State v. Oakley

WILLIAM A. BABLITCH, J.

¶ 25. (concurring). This is a very difficult case, one in which courts are understandably reluctant to get involved.

¶ 26. It is important to note at the outset what this case is all about: It is about a father of nine children who intentionally refuses to support them and was convicted of such.

¶ 27. The two dissents frame the issue in such a way that Oakley's intentional refusal to pay support evolves into an inability to pay support. This case is not at all about an inability to pay support; it is about the intentional refusal to pay support. The difference between an intentional refusal to pay support and an inability to pay support is highly significant and, for me, decisive.

¶ 28. If this case was about the right of the state to limit a person's right to procreate based on his abil*479ity to pay support, the position articulated by Justice Bradley, I would in all likelihood join her dissent.

¶ 29. If this case was about the right of the state to prohibit a person's right to procreate based on his likely unwillingness or inability to support a child financially in the future, Justice Sykes' position, I would in all likelihood join her dissent.

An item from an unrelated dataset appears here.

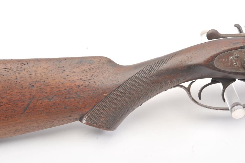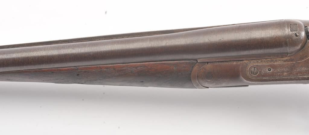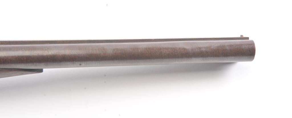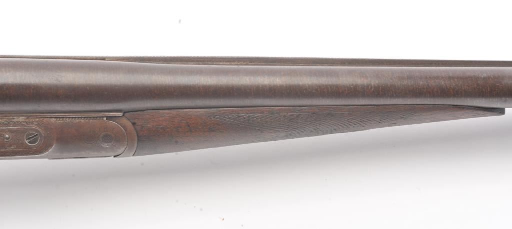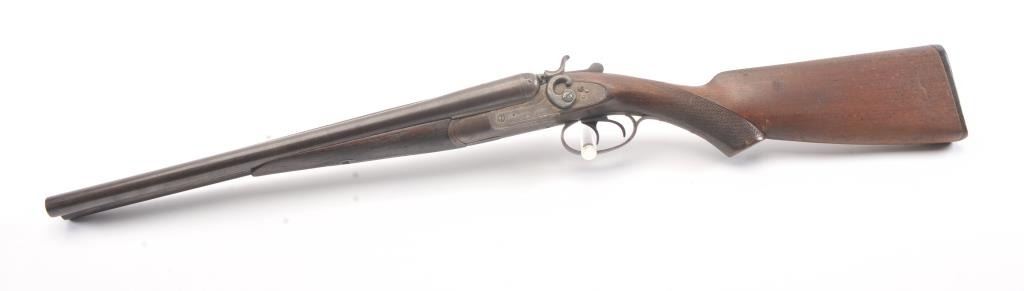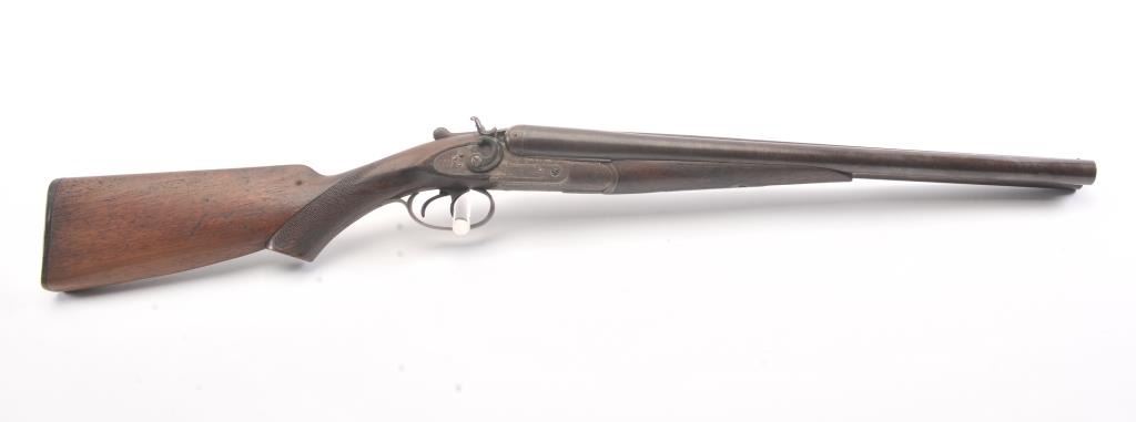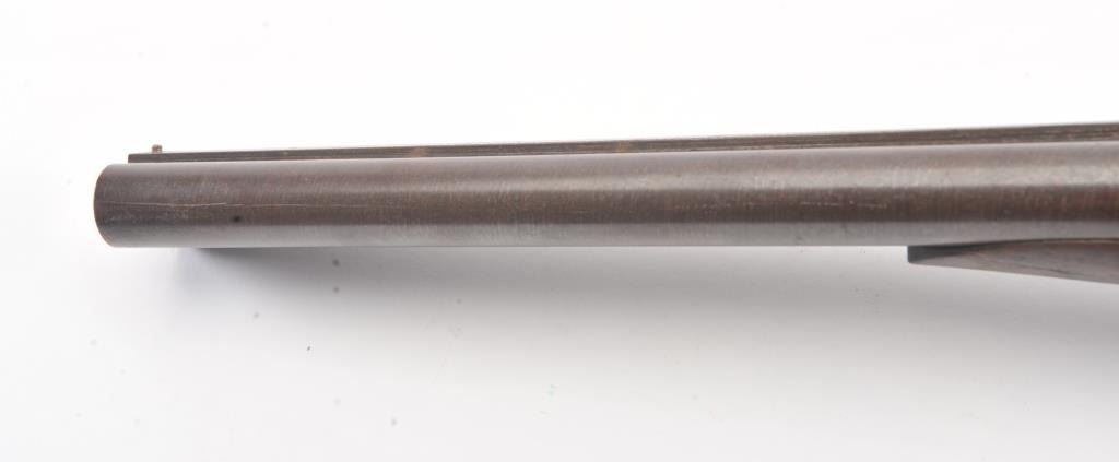 N.R. Davis SxS damascus barrel hammer shotgun with barrels reduced to 18 ¼” and marked “W.F. & Co.” in 3 places. Although out of an old collection and not modern stamped we cannot authenticate these markings and thislot sold “without warranty to the originality or age of stampings”. As Is. Good overall condition with normal aging. (Antique) Est.: $500-$1000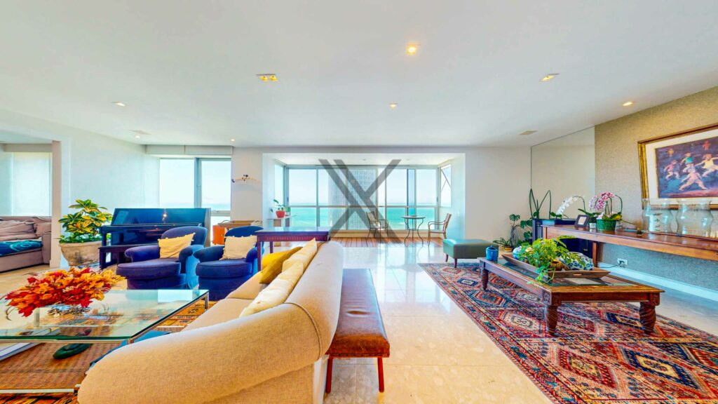 A área social é composta por sala de estar em três ambientes com 88 m², aconchegante varanda (anexada à sala) com vista para o mar, projeto de iluminação, ampla sala de jantar para oito lugares e um lavabo de apoio às visitas.

¶ 30. This case is about a man who intentionally refuses to pay support regardless of his ability to do so. That was the dilemma faced by the sentencing court, and that is what led to the court's order.1

¶ 31. The dissents conclude that the majority's means of advancing the state's interest is not narrowly tailored to advance the state's interest. The dissents fail to advance any realistic alternative solution to what they concede is a compelling state interest. As long as the defendant continues to intentionally refuse to pay support, the alternatives posed by the dissents will end up with incarceration — which of course accomplishes indirectly what the dissents say the state cannot do directly.

¶ 32. Accordingly, I am unpersuaded by the dissents.

¶ 33. I conclude that the harm to others who cannot protect themselves is so overwhelmingly apparent and egregious here that there is no room for question. Here is a man who has shown himself time and again to be totally and completely irresponsible. He lives only *480for himself and the moment, with no regard to the consequences of his actions and taking no responsibility for them. He intentionally refuses to pay support and has been convicted of that felony. The harm that he has done to his nine living children by failing to support them is patent and egregious. He has abused at least one of them. Under certain conditions, it is overwhelmingly obvious that any child he fathers in the future is doomed to a future of neglect, abuse, or worse. That as yet unborn child is a victim from the day it is born.

¶ 34. I am not happy with this result, but can discern no other. And the dissents provide none. Accordingly, I join the majority opinion.

¶ 35. I am authorized to state that Justice JON P. WILCOX and Justice N. PATRICK CROOKS join this concurrence.

Obviously, Justice Bradley and I differ as to the effect of the circuit court's order. Read in the context of the entire record,

I conclude that if Oakley were to show the court a good faith effort to support his children, the order would be amended. See majority op. at ¶ 15 and notes 20 and 21. As the record now stands, Oakley was convicted of an intentional refusal to support his children in any manner.